Büyük marketlerden biri, bütün şubelerinde bir kampanya başlattı: Elli liralık alışverişe bir çuval soğanı ücretsiz veriyordu.

Ben hâlâ kazanacağım paranın hayalini kurarken günler geçiyor kış, bahara eriyordu. Soğan fiyatlarında bir kıpırdama yoktu.

Ankara Toptancı Hali’ne uğradım. Bir kilo soğan on kuruş olmasına rağmen yine de yüzüne bakan yoktu. Kamyon kamyon gelen soğanlar, bin bir nazla toptancılara indiriliyordu. Satıcıların bir kısmı kahrederek, soğanları indirip kamyonunu boşa çıkarabilmek için çabalıyordu. Bir kısmı da hale giriyor, soğan dolu çuvalları kamyondan boşaltmadan çıkış yapıyorlardı. Kabzımallar birbiriyle anlaşmışçasına soğancılardan kaçıyorlardı. Kampanya ile bedava soğan veren marketin adamları, yükünü boşaltmadan çıkan kamyon şoförlerini oyalayıp mazot parasına üstündeki yükü yıktırıyorlardı. Böylece üreticiye bir kuruş ödemeden alınan soğanlar market müşterilerine bedava dağıtılıyordu.

Nedense soğancılara pek yüz vermeyen toptancılar, patatesçileri çok seviyorlardı. Patates yüklü kamyonlar gelir gelmez simsarlarca çevrilip yükleri boşaltılıyordu. Patatesçiler de çok nazlıydılar. İki, üç aylık çek senet kabul etmeyip nakit para alamazlarsa dükkândan dışarı adım bile atmıyorlardı.

Bizim Gazanfer de bu yıl patatesçiler kervanına katılmıştı. Denizli’de kızının yanında torun seviyor sandığımız adam meğer Nevşehir’de patatesi üreticilerden tarlada, peşin parayla kilosu otuz kuruştan almıştı. Tonlarca patatesi Derinkuyu’daki mağaralara doldurmuştu.

Sezon başında pazarlarda kilosu elli kuruşa satılan nazlı patates, her gün elbise değiştirir gibi etiket değiştiriyor, fiyatı arttıkça artıyordu. Bir ara kilosu bir liraya satılırken, karın yağması elli kuruş daha zamlanmıştı. Sürümden kazanmak isteyen pazarcılar, insaflı tarafından dört kilosunu beş liraya satıyorlardı.

Patates fiyatları füze gibi yükselirken, soğan olduğu yere çakılıp kalmıştı.

“Yanlış yapmışsın Rıfkı Ağabey!” diyordu Gazanfer.

“Nasıl?”

“Bu yıl soğan almakla çok yanlış yapmışsın.”

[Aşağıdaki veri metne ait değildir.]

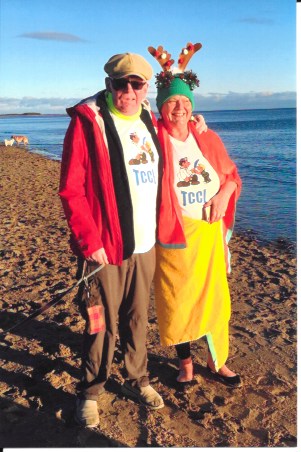 I've just been given a photo taken by a friend, taken at my 2021 Dook. This was the only year the official Dook has been cancelled in its entire history and was due to the lockdown brought on during the Covid 19 epidemic. I did my own Dook at Broughty Ferry beach that year. It was a glorious sunny day and I had to be told to get out of the water as my friends and family spectating were getting cold! Supported here by my darling late husband, Matt. Breagh is out of the picture - I see her lead! |
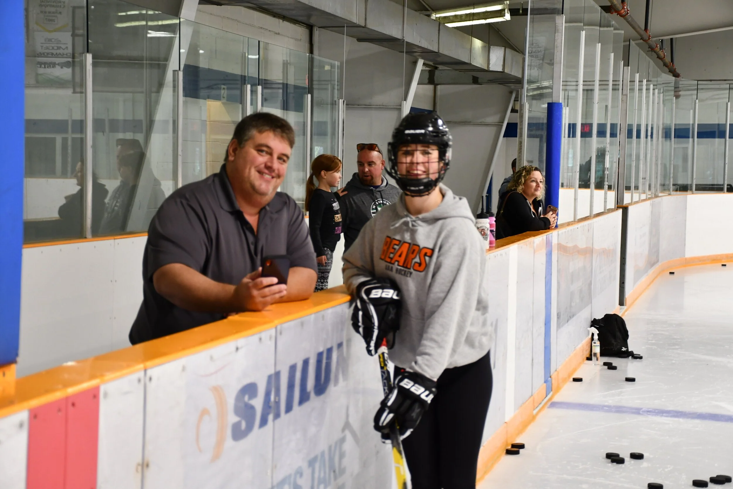 Shawn Kohl with daughter Jasmine Kohl are pictured when she returned to Moose Jaw to help out with a Mavericks program to help develop player skills and encourage more girls to play hockey - MJ Independent file photo
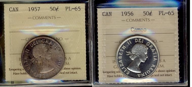 1956 & 1957 50¢ ICCS PL65. Lot of 2 coins with the 1956 showing Cameo designation
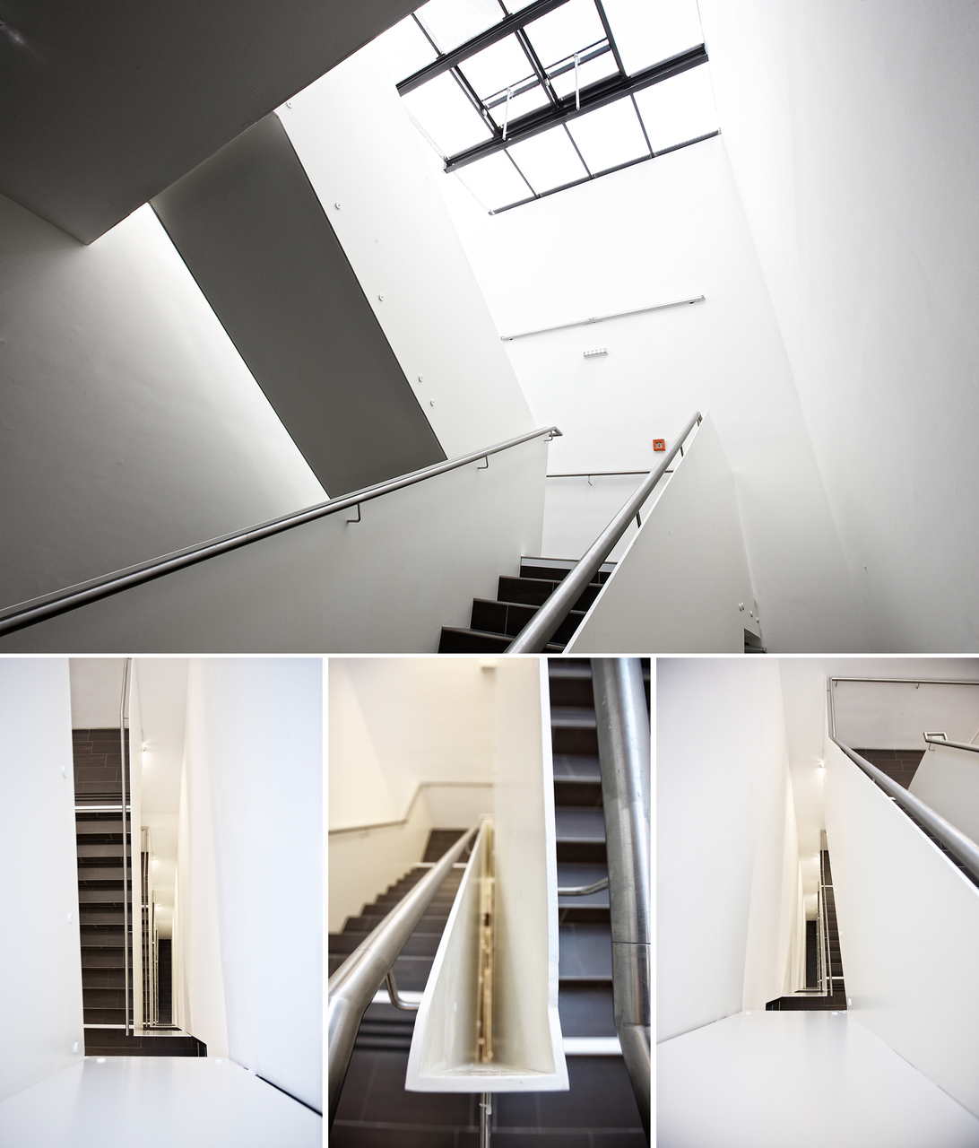 Beide Hauptkörper zeichnen sich dadurch aus, dass die untersten Geschosse durch einen Lichtgraben natürlich belichtet werden. Durch die Abschrägung der Stirnseiten wird auf die unmittelbar anschließende durchwegs einfamilienhausartige Wohnbebauung Rücksicht genommen. Vervollständigt werden die baulichen Maßnahmen durch die Generalsanierung
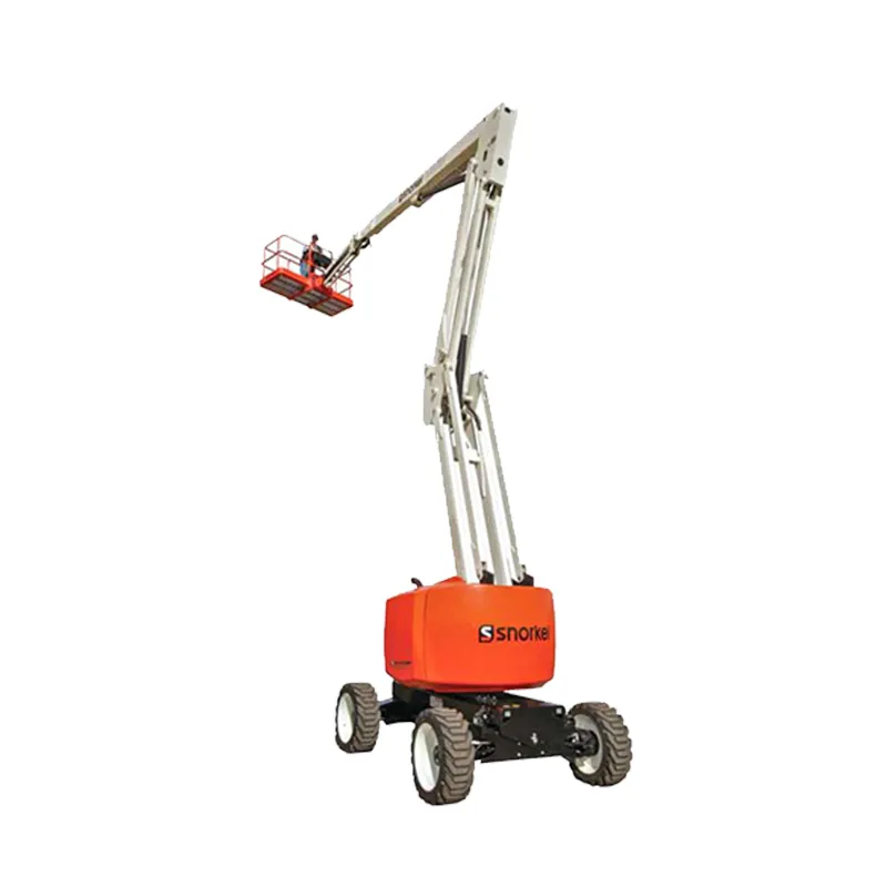 Brazo Articulado Diesel Snorkel A62JRT hasta 18,8 m de plataforma, ofrece una envoltura de trabajo excelente con cero giro de cola. Longitud compacta. Todo terreno 4×4.
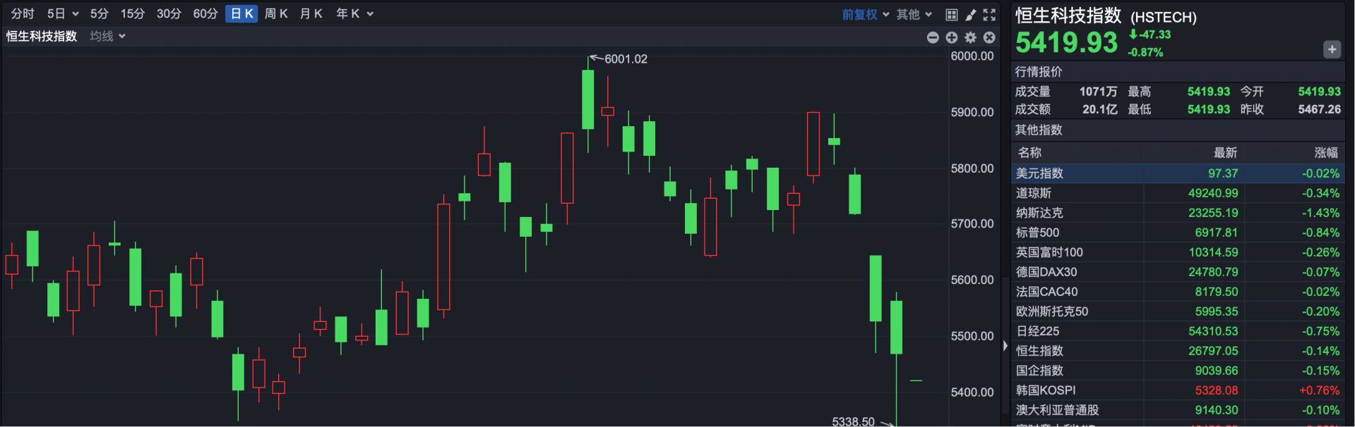 恒生科技指数开盘报5419.93点,下跌47.33点,跌幅0.87%。
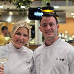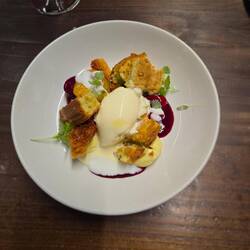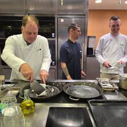 Great time cooking with chef Enecko. Salad with smoked raspberry dressing, mushrooms/poached egg with fresh truffle, young Lamb, potatoes, asparagus, and anchovies with garlic sauce all finished withLæs mere
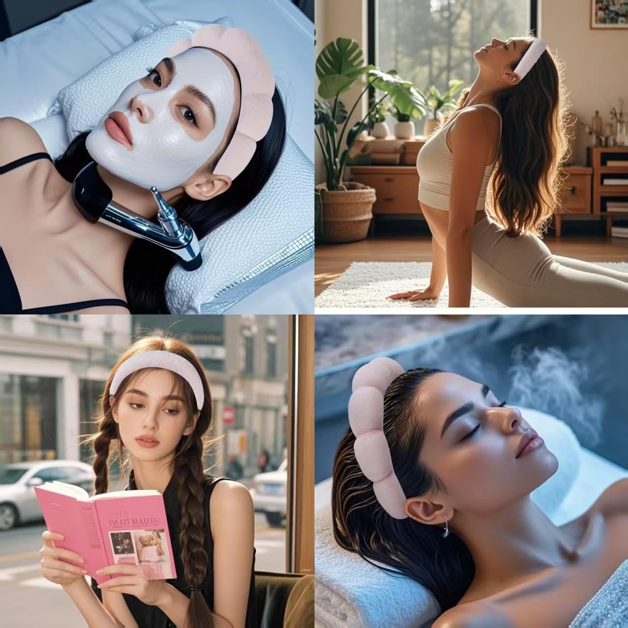 2Pcs Spa Headband for Washing Face & 1 Pairs Wristband Set Sponge Makeup Skincare Headband &Terry Cloth Bubble Soft Hairband for Women Girl Puffy Padded Headwear Non Slip Thick Hair Accessory(Pink)
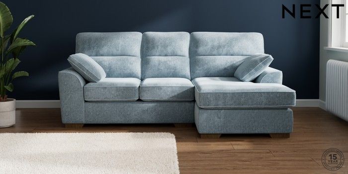 7.2.10 Stamford Highback Small Sofa Chaise - Right Hand Plush Chenille Light Blue Large Square Angle - Mid | Made Click here to use our website with more accessibility support, for example screen readers
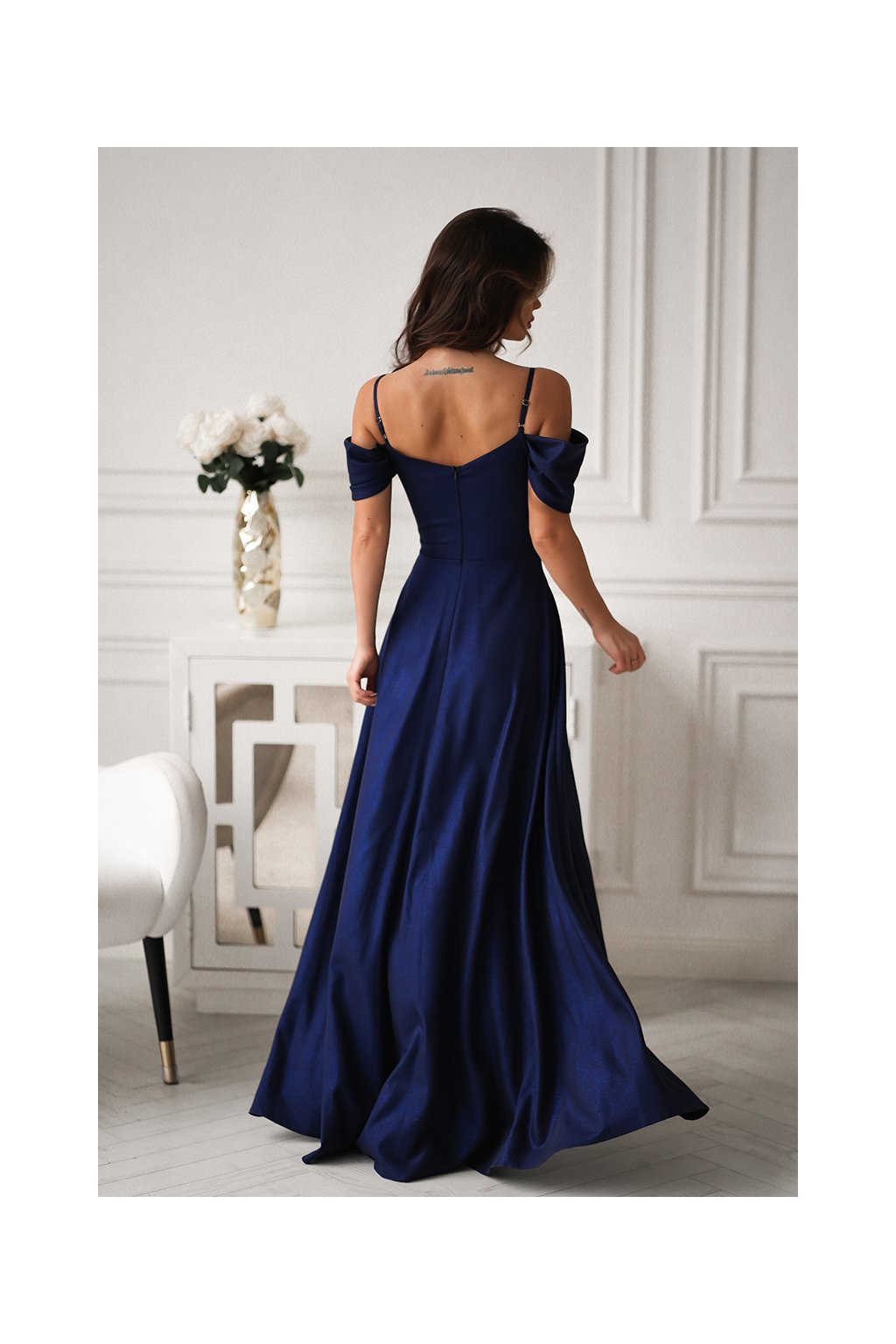 Detaily: řasený dekolt, odhalená ramena, vysoký rozparek

“İyi de geçen yıl soğan çok iyi kazandırmıştı…” diyecek oldum,

“Geçen yıl geçti Rıfkı Ağabey. Bilmiyor musun bu ülkede işler el yordamıyla gider. Geçen yıl soğan iyi para ettiğinden bu yıl herkes soğan ekti. Arz talep diye bir şey var. Kim yiyecek o kadar soğanı. İnekler bile yemez. Geçen yıl geçti…”

Ben o kadar karamsar değildim. Yeni sezon ürününü soğanların tüketiciye ulaşmasına aylar var, bu arada belki ihracat da artabilir, diye düşünüyordum. Ümidimi koruyarak,

“Bakalım hele.” demiştim.

“Bakmakla olmaz ağabey. Bakmakla olmaz. Bakınca göreceksin. Görebilirsen, işte o zaman kazanırsın.”

Elin oğlu bu günden bir yıl sonrasını görüyordu. Bense önümü görmekten acizdim. Hata yaptığımı anladım ama iş işten geçmişti. Beklemenin anlamı yoktu. Yeni üretilen soğanlar pazara çıkmıştı. Depo ömrü dolan yüz yirmi ton soğanı depodan alarak imha etmem gerekiyordu. Çoğu üreticiler satamadıkları soğanları gizlice yol kenarlarına döküp oraları soğan çöplüğüne çevirirken ben, çevre kirliliği yapmasın diye Mamak çöplüğüne attırdım.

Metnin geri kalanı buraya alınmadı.